The groups are collaborating to design a 9-mile-long pipeline to provide fresh, clean water to 35,000 people in Kenya, according to the EWB Web site.

“This is one of the first, major international projects we are involved in,” said Alex McDonald, founder and president of WSU’s EWB.

The project is based in the southeast region of Kenya near Kayafungo, an impoverished area of the country. The lack of clean, potable water is a serious problem in this region. Women and children walk up to 6 miles to collect water from pits that fill with rain, according to the site.

The team will make its first trip to Kenya at the end of May. Later phases will involve designing and constructing the pipeline. The project will help reduce the distance of walking to a water source to less than a mile. It should provide water to 10 schools and result in a reduction of waterborne diseases. It will also provide employment in the region, according to the site.

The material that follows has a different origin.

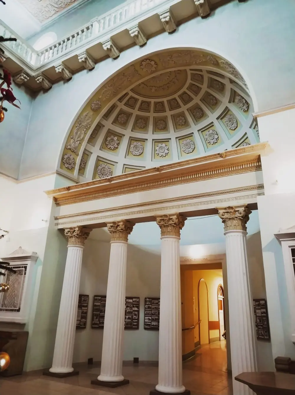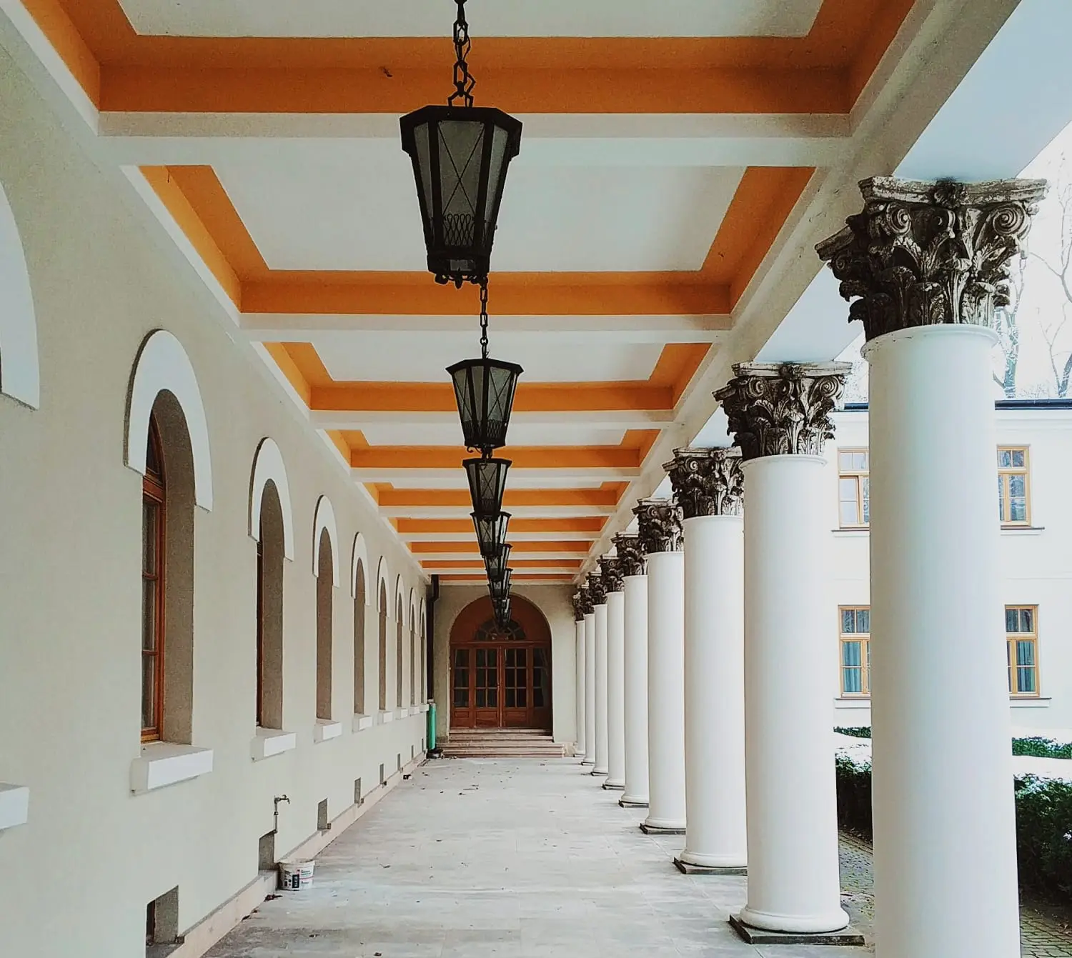 Z zewnątrz sanatorium Marconi wygląda dumnie (kolumnady!), ale to jest nic w porównaniu z wrażeniem jakie robi westybul. Wewnątrz (gdy już złapiesz dech z wrażenia i obfitości H2S) czeka pijalnia wód zdrojowych (szumna nazwa kilku kranów, ale konsumpcja do własnego naczynia darmowa, przy czym walory zdrowotne nie idą w parze ze smakowymi, tak tylko ostrzegam), sala koncertowa i sklepik z uzdrowiskowymi specyfikami (kosmetyki, wody mineralne, a nawet miody).
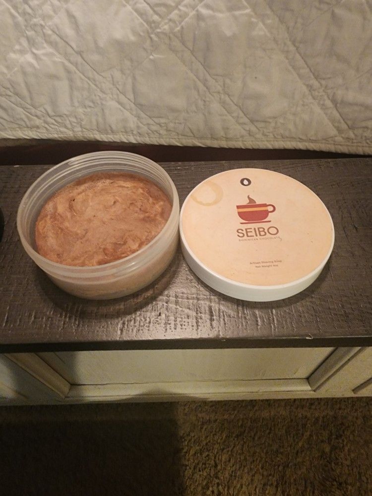 Item has light usage.smells like milk chocolate when lathered, great lather forming qualities. [Dominican chocolate] scent

This project is divided into three phases. The initial phase will be done by a team of three students – McDonald, Carrie Schramm and Zakaria Mohamed – with the help of J. Daniel Dolan, a WSU civil and environmental engineering professor.

“We will determine what exactly has to be done to clean water, and using GPS system [we will] map the 9-mile-long site” Schramm said of this summer’s stage.

Data collection is essential because there is no topographic map available in Kenya, she said.

But the trip would not be possible without funding.

“We are still raising funds. SMRC is helping us with an amount of $300,000 for construction,” McDonald said. “We have $25,000 contribution from various Kenyan authorities.” Donations to EWB are managed by WSU Foundation, which maintains a tax-exempt status. The team has contacts with University of Nairobi and is also scheduled for a meeting with the U.S. ambassador in Kenya. Support for the project also came from students here, he said.

“ASWSU is supporting us with a fund of $750,” he said.

SMRC is a national nonprofit organization that helps build projects such as this one in various parts of the world.

EWB is hoping to get additional money from WSU and students.

“We are a nonprofit body,” McDonald said. “We hope to get some help.”